Personally I went about 6 months doing the same thing before I even bothered googling "how much does a CMOS battery cost" because it was an old pc anyway.
Some boards position their battery in really awkward and annoying places that force you to remove components to get to it. A real pain... don't make me remove the CPU cooler just to get to the battery... >.>'
Dell seem to be the worst at it. You cannot access any component without removing every other component.
I seem to remember at one point I had a computer where you couldn't easily access the RAM unless you removed the graphics card. Because one of the RAM clips couldn't be undone because it literally hit the graphics card.
When companies go out of their way to make designs that are as obtuse as possible just for the sake of doing so, it's especially aggravating. Like pre-built PCs that solder their components on or disable elements so that you can't upgrade them.
My assumption is that the default boot device was wrong and they needed to go to the bios to switch it but would never save the correct order so they had to do it every time.
Not sure! However, it's possible the coin cell that keeps the BIOS settings was removed or dead. This forces the BIOS into default configuration on boot, which may have caused a boot failure if you needed some specific hardware configuration set in BIOS.
Maybe they used it as a way to control computer access, but it seems more likely that they just didn't get around to replacing the coin cell :D
They had some BIOS issue or wanted to boot from a different partition. Possibly to keep your virus laden downloads away from their files.
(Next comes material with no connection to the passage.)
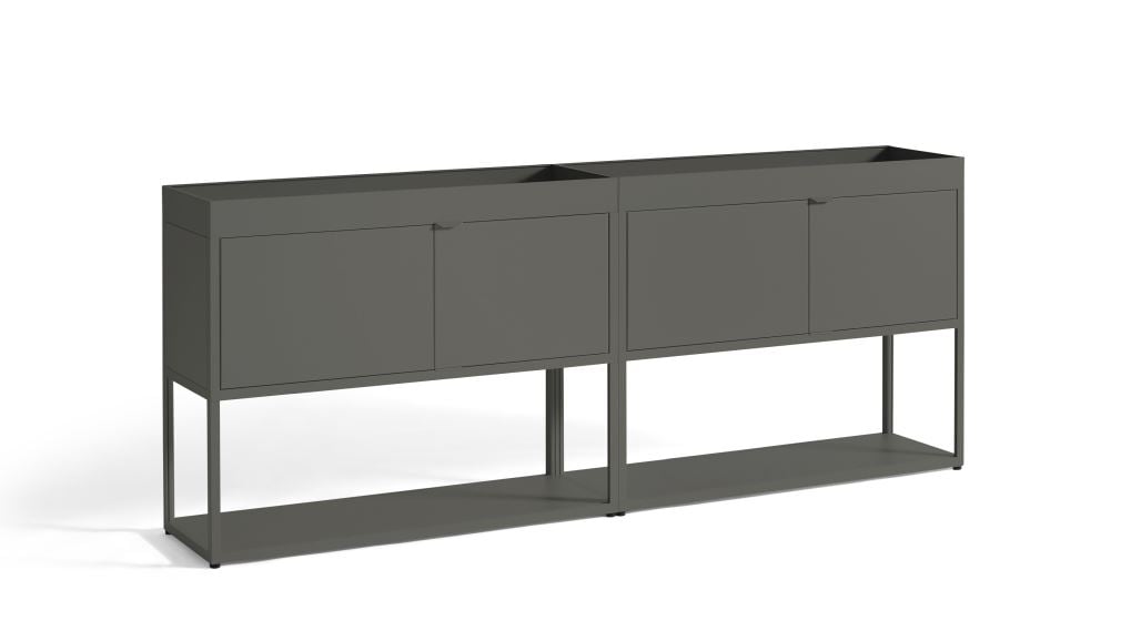 Praktisches Aufbewahrungssystem aus der New Order-Kollektion von HAY. Die von Stefan Diez entworfene Kollektion ist ein fantastisches, anpassbares Aluminium-Regalsystem. Es lässt sich nach Belieben zusammenstellen und kombinieren, was eine Vielzahl an Kombinations- und Individualisierungsmöglichkeiten bietet, die genau auf Ihre persönlichen Bedürfnisse zugeschnitten werden können. Ob es sich um ein Bücherregal im Wohnzimmer, einen neuen Stauraum im Heimbüro, einen neuen Stauraum in der Küche oder ein Regalsystem im Flur oder Schlafzimmer handelt, New Order lässt sich individuell gestalten. Mit dem New Order Regalsystem erhalten Sie ein robustes System, das leicht zu warten ist. HAY New Order Kombination 202 besteht aus einem Bücherregal mit 2x3 Regalen und zwei Stahltüren. Funktionelle und praktische Aufbewahrung mit HAY.
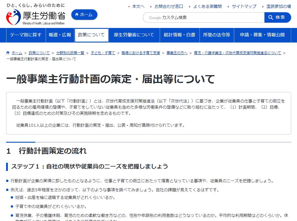 一般事業主行動計画(以下「行動計画」)とは、次世代育成支援対策推進法(以下「次世代法」)に基づき、企業が従業員の仕事と子育ての両立を図るための雇用環境の整備や、子育てをしていない従業員も含めた多様な労働条件の整備などに取り組むに当たって、以下の事項を定めるものです。

"Let us just change the boot order so you can play in your shitty OS, and not our secure Gentoo drive"
Are you sure it was BIOS, and not just the password unlock, or they had DOS amd Windows Dual boot?
It was possible to set a bios password. They might have done that to prevent you from booting the computer without permission.
Bios was not set up correctly, or it did not detect the keyboard and was set to fail into bios in that case.
There was no real standard of behaviour that was adhered to for early PCs, so different hardware acted very differently. Standards that were adopted like USB were often implemented in incomplete or incompatible ways.
Your parents werent computer smart people.
Hey, knowing your way into the BIOS and out again is at least hacker level 7.
I mean the computer literally tells you how to do it when booting up
Reading the messages on the screen is already hacker level 5.